Warning: the old example will not work after the upgrade!
Note: But the new example will work on both batch system versions. You can use this now

Here is a new example batch job for requests with mixed node features for the new version of the batch system on hermit:

You need to specify resource name nodes=<node count>:ppn=<process count per node>:mem64gb+<node count>:ppn=<proc count per node>:mem32gb:

 qsub -l nodes=1:ppn=32:mem64gb+64:ppn=32:mem32gb,walltime=3600 my_batchjob_script.pbs

The example above will allocate 65 nodes to your job for a maximum time of 3600 seconds and can place 32 processes on one node with 64GB memory and 32 processes on each of the 64 allocated nodes with 32GB memory. Important is option ppn=32 to get all cores of the allocated mpp nodes.

Now you need to select your different allocated nodes for your aprun command in your script my_batchjob_script.pbs.

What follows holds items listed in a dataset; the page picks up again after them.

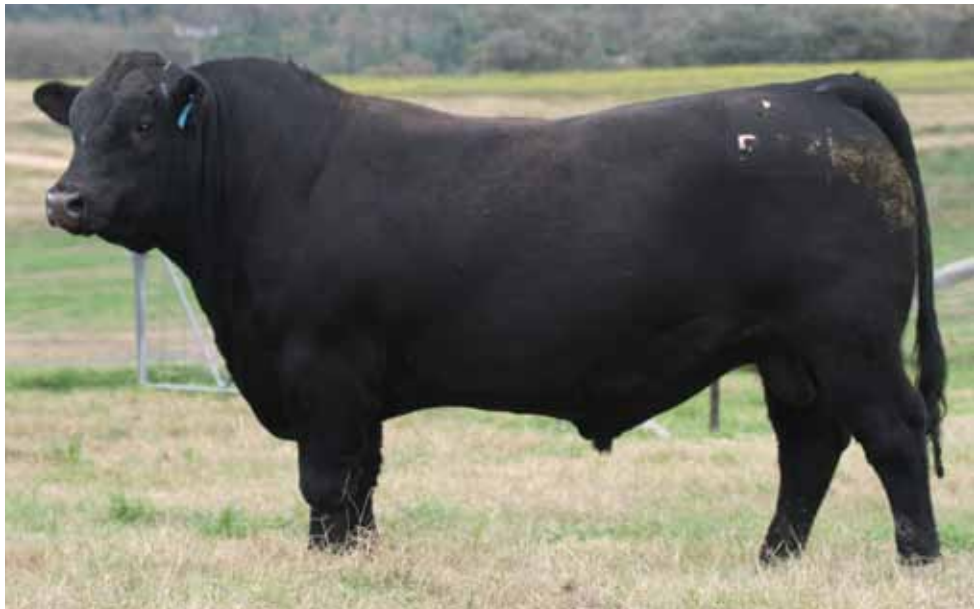
LOT 36 CASCADE KODAK P72SV
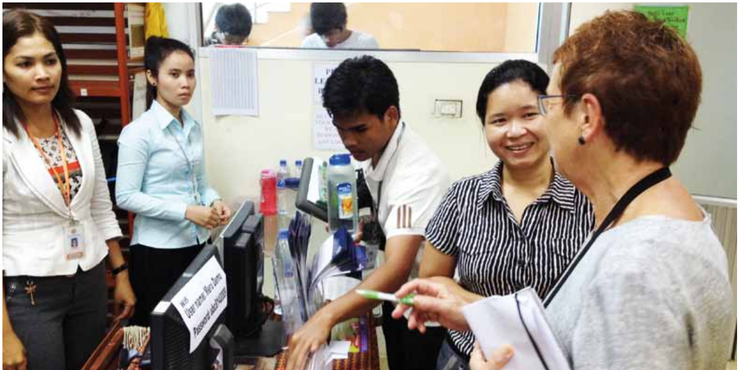
Librarians from the Raoul Wallenberg Institute visit the PUC library

Note: Application forms for both admission and scholarship are available at PUC Legal Clinic.
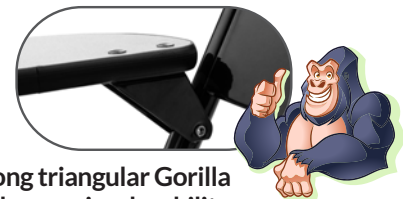
Ultra-strong triangular Gorilla bracket adds superior durability
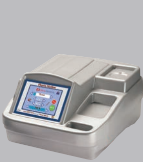
PHYSIO STATION (Code: 1800410)
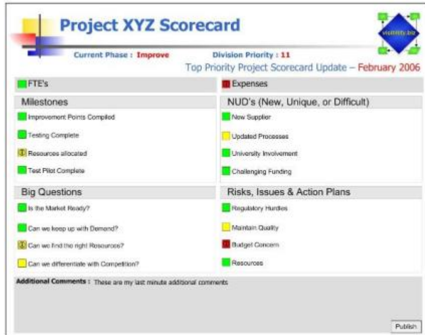
Figure 2. Single, automated Office Visio-Project Professional 2003 scorecard

After generating the scorecard, the project manager selects "Publish" to publish the scorecard to the corporate metrics dashboard Microsoft Office SharePoint® site. Managers have the option to modify the data before doing so. At the end of the month, Stakston uses another Visio template
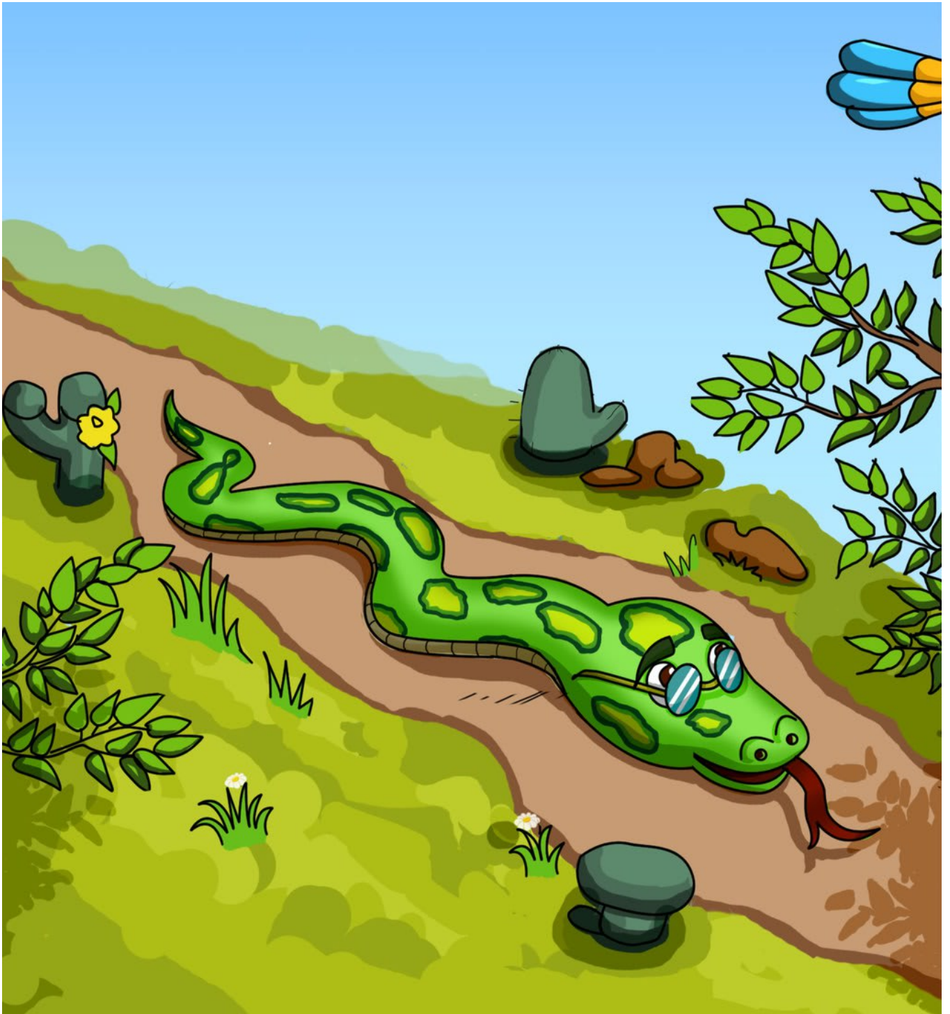
Snake crawls on the ground.
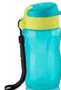
996913 Eco Bottle (310 ml) WAS R101 R79 SAVE R22
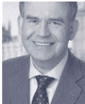
Dr. Julian Lewis MP Shadow Defence Minister for nuclear deterrence and Naval Affairs

Dr. Julian Lewis argues that retaining Trident is ethically justifiable if possession helps to prevent a future conflict between nuclear powers.
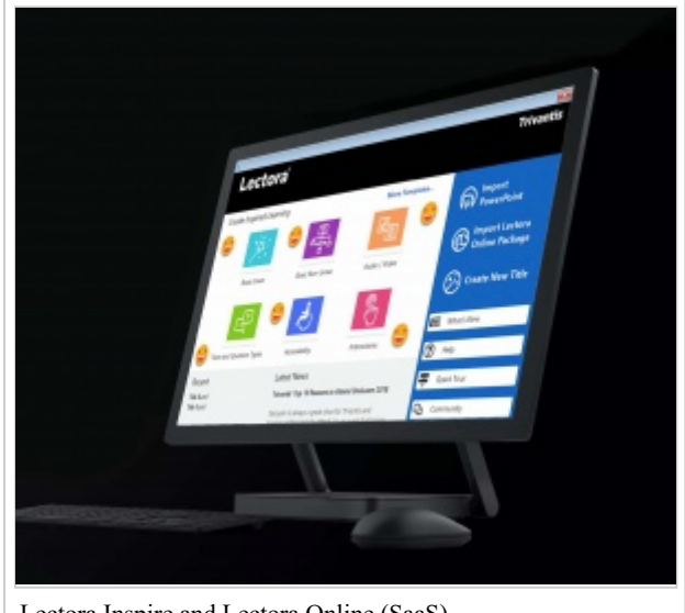
Lectora Inspire and Lectora Online (SaaS)

Note: Also includes Camtasia, SnagIt, eLearning Brothers and BranchTrack Integration.
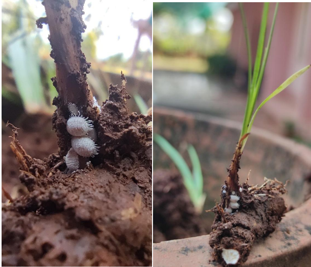
Fig 2 &3 : of D. brevipes attack on sweet flag
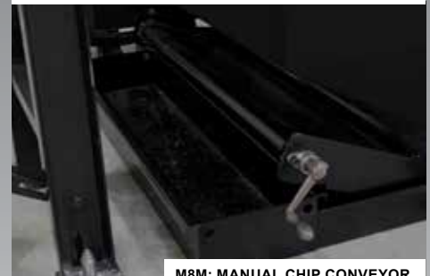
M8M: MANUAL CHIP CONVEYOR
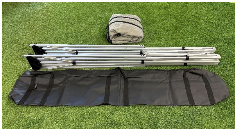
Figure 2 Required Components
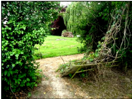
Pic 3: The passage through the hedges
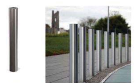
REMOVEABLE BOLLARD S/S WITH CONTRASTING COLOUR BAND S/S SHEFFIELD CYCLE STAND
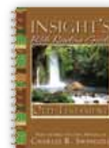
Insight's Bible Reading Guide: Old Testament by Insight for Living spiral-bound book

To order any of these related resources, call 0800-787-9364 or visit www.insightforliving.org.uk

A new example for the new batch system is here:

#PBS -N mixed_job
#PBS -l nodes=1:ppn=32:mem64gb+2:ppn=32:mem32gb
#PBS -l walltime=300

### defining the number of PEs (processes per node ( max 32 for hermit | max 16 for hornet) ###
# p32: number of PEs (Processing Elements) on 32GB nodes
# p64: number of PEs (Processing Elements) on 64GB nodes

# Change to the direcotry that the job was submitted from

### selecting nodes with different memory ###
# 1. getting all nodes of my job

# 2. getting the nodes with feature mem32gb of my job
nid32=$(/opt/hlrs/system/tools/hostlistf mem32gb "$nids")
# how many nodes do I have with mem32gb:
i32=$(/opt/hlrs/system/tools/cntcommastr "$nid32")

# 3. getting the nodes with feature mem64gb of my job
nid64=$(/opt/hlrs/system/tools/hostlistf mem64gb "$nids")
# how many nodes do I have with mem64gb:
i64=$(/opt/hlrs/system/tools/cntcommastr "$nid64")

(( P32 = $i32 * $p32 ))
(( P64 = $i64 * $p64 ))
(( D32 = 32 / $p32 ))
(( D64 = 32 / $p64 ))

# Launch the parallel job to the allocated compute nodes using
# Multi Program, Multi Data (MPMD) mode (see "man aprun")
# -------------------------------------------------
# $nid64 : node list with 64GB memory
# $i64     : number of nodes with 64GB memory
# $p64    : number of PEs per node on nodes with 64GB
# $P64    : total number of PEs (processing elements) on nodes with 64GB
# ----
# $nid32 : node list with 32GB memory
# $i32     : number of nodes with 32GB memory
# $p32    : number of PEs per node on nodes with 32GB
# $P32    : total number of PEs on nodes with 32GB
# ----------
# The "env OMP_NUM_THREADS=...." parts of the aprun command below are only useful for OpenMP (hybrid) programs.
aprun -L $nid64 -n $P64 -N $p64 -d $D64 env OMP_NUM_THREADS=$D64 ./my_executable1 : -L $nid32 -n $P32 -N $p32 -d $D32 env OMP_NUM_THREADS=$D32 ./my_executable2

By defining p64 and p32 in the example above you can control the number of processes on each node for the different node types (64GB memory and 32GB memory). This corresponds to the qsub job option "-l mppnppn=32" for mono node type mpp jobs (see examples in previous chapters above). Important to know is the maximum value is 32, the number of cores of each mpp node.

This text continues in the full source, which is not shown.